PROBLEM DESCRIPTION: While you copy the lines below, skip the pictures and keep the rest exact.

SOURCE DATA:
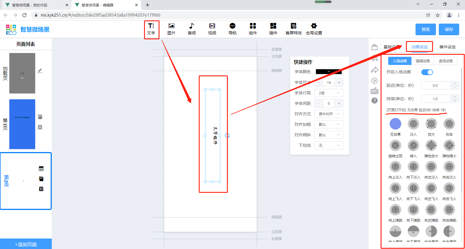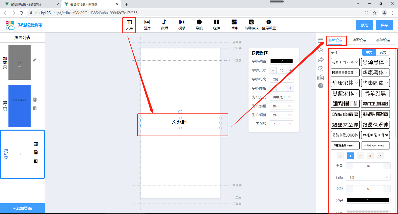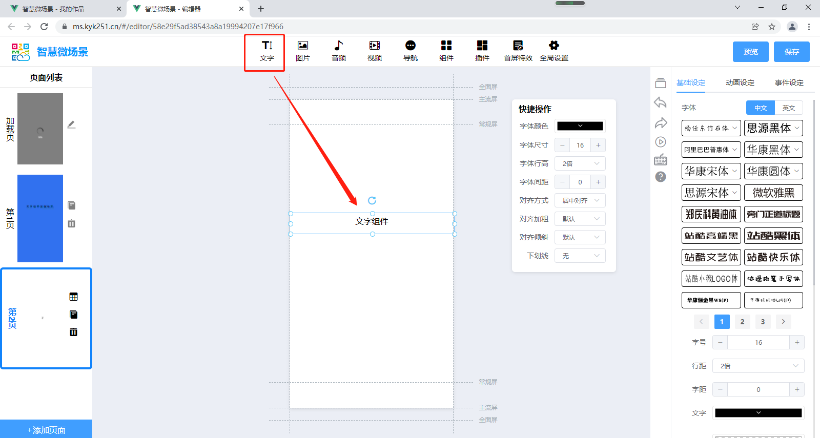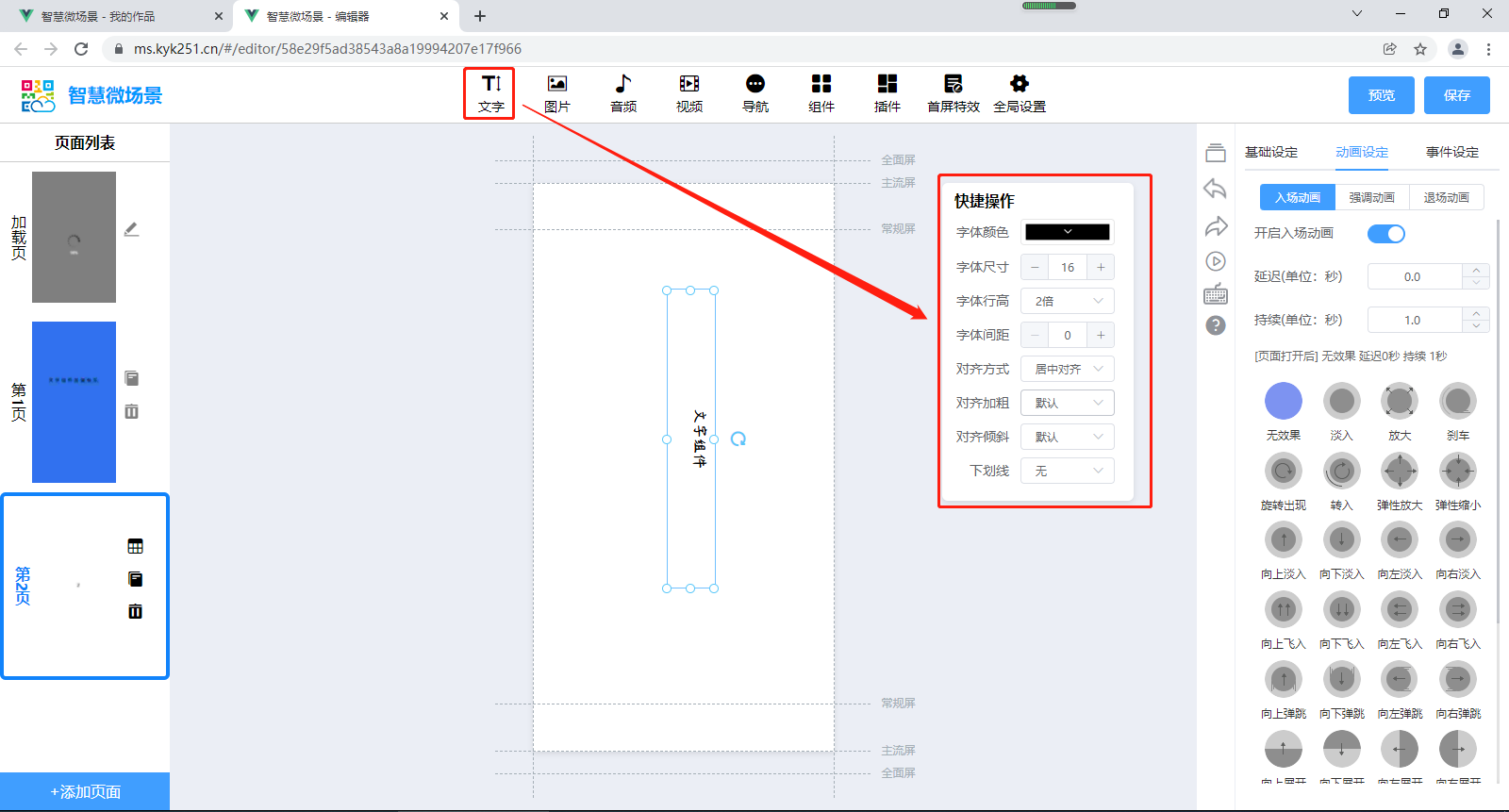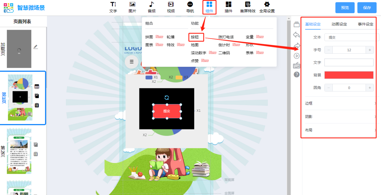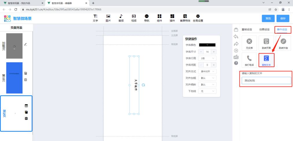 可在右側針對文字組件編輯,有三個設定:基礎設定、動畫設定、事件設定。
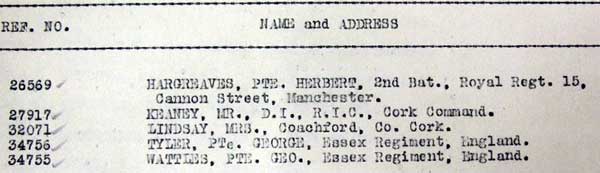 In 1922 after correspondence between the British and Irish governments, a list found in the Collins Papers in Dublin show
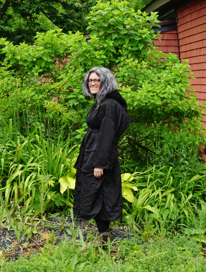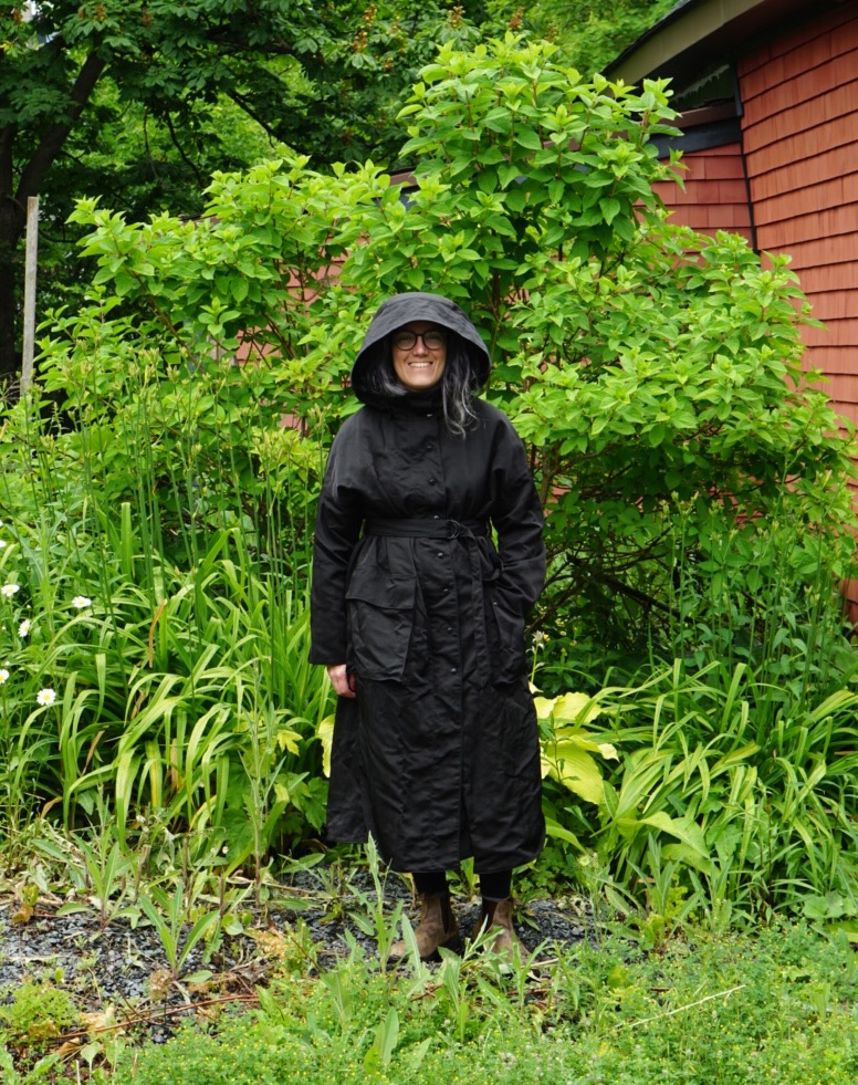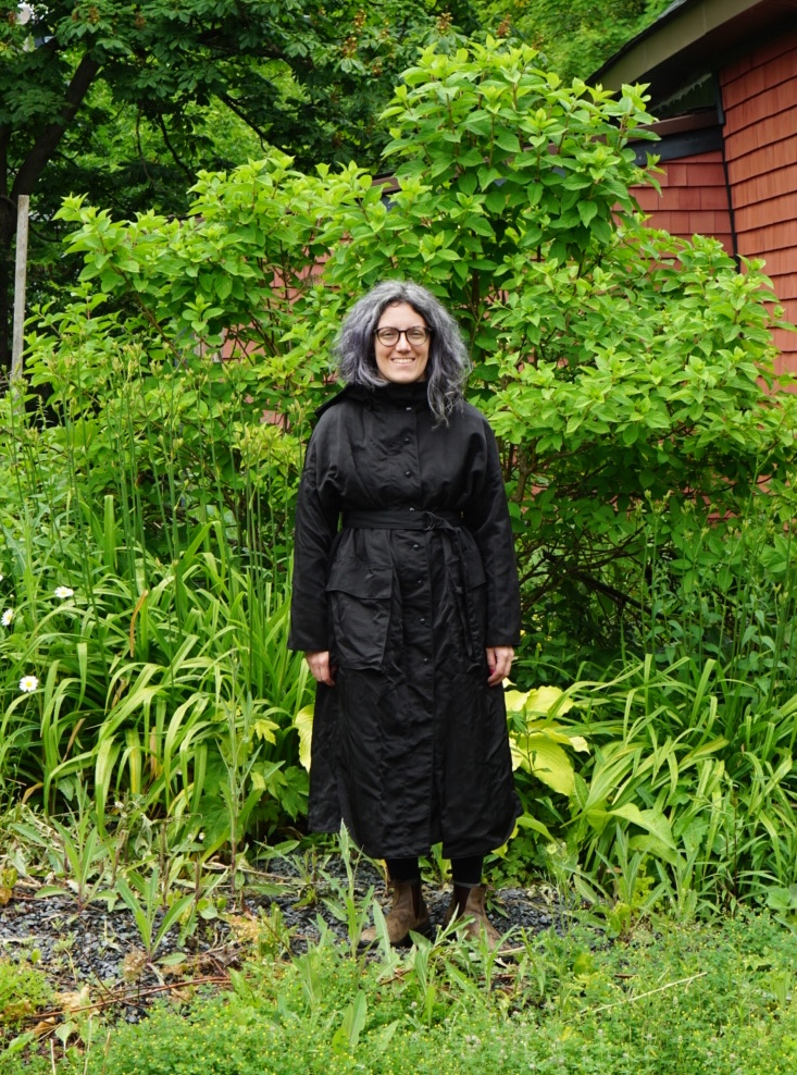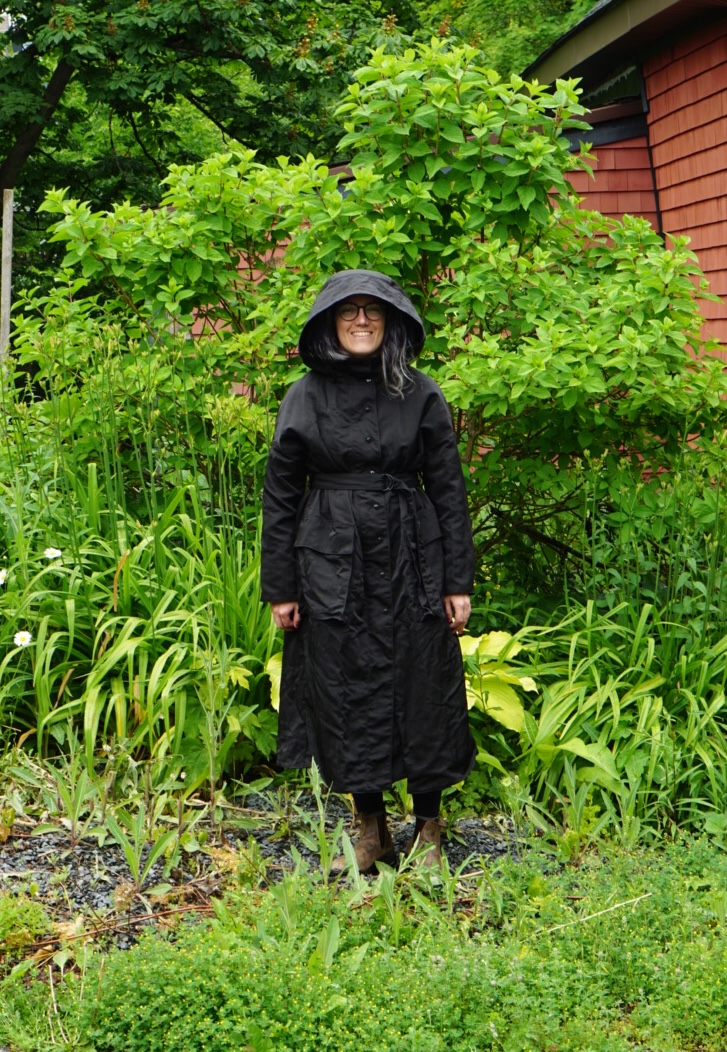 If you got this far, thank you for being along for my giant complain-fest. I promise I’m done. I just needed to vent! Even experienced sewists can make bad decisions regarding fabric and pattern combinations, and do stupid things because they thought they were too experienced to do something like *read the instructions*. I will say that the fabric and pattern combo made the garment terrible to sew, but I am very pleased with how the actual garment turned out. I wore it on a damp day on a walk to a nearby farmers’ market, and it did well at keeping me dry. It’s obviously not as waterproof as my intense raincoat with taped seams and a waterproofed zipper and fancy technical fabric, especially since I had to topstitch a lot more than the pattern even called for. But I’m very pleased. It fulfills the exact function I had in mind when I came up with the plan, it fits well, and I love all of the details of the pattern. I would love to sew it again some day in a fabric that doesn’t actively conspire against me at every possible turn, and also sew it with the lining hem hanging free as intended. I feel like an ominous Carmen Sandiego in the best possible way when I wear it. I’m excited to wear it with my black concert clothing to an orchestra performance so I can feel like a character in an ominous futuristic movie, emerging from a fog or some shadowy alley. I’m very intrigued by a lot of the other Grasser designs and may try them in future, however for now I see a lot of simple knit garments in my immediate future. I need some quick wins!

TASK RESPONSE:
 可在右側針對文字組件編輯,有三個設定:基礎設定、動畫設定、事件設定。
 In 1922 after correspondence between the British and Irish governments, a list found in the Collins Papers in Dublin show
 If you got this far, thank you for being along for my giant complain-fest. I promise I’m done. I just needed to vent! Even experienced sewists can make bad decisions regarding fabric and pattern combinations, and do stupid things because they thought they were too experienced to do something like *read the instructions*. I will say that the fabric and pattern combo made the garment terrible to sew, but I am very pleased with how the actual garment turned out. I wore it on a damp day on a walk to a nearby farmers’ market, and it did well at keeping me dry. It’s obviously not as waterproof as my intense raincoat with taped seams and a waterproofed zipper and fancy technical fabric, especially since I had to topstitch a lot more than the pattern even called for. But I’m very pleased. It fulfills the exact function I had in mind when I came up with the plan, it fits well, and I love all of the details of the pattern. I would love to sew it again some day in a fabric that doesn’t actively conspire against me at every possible turn, and also sew it with the lining hem hanging free as intended. I feel like an ominous Carmen Sandiego in the best possible way when I wear it. I’m excited to wear it with my black concert clothing to an orchestra performance so I can feel like a character in an ominous futuristic movie, emerging from a fog or some shadowy alley. I’m very intrigued by a lot of the other Grasser designs and may try them in future, however for now I see a lot of simple knit garments in my immediate future. I need some quick wins!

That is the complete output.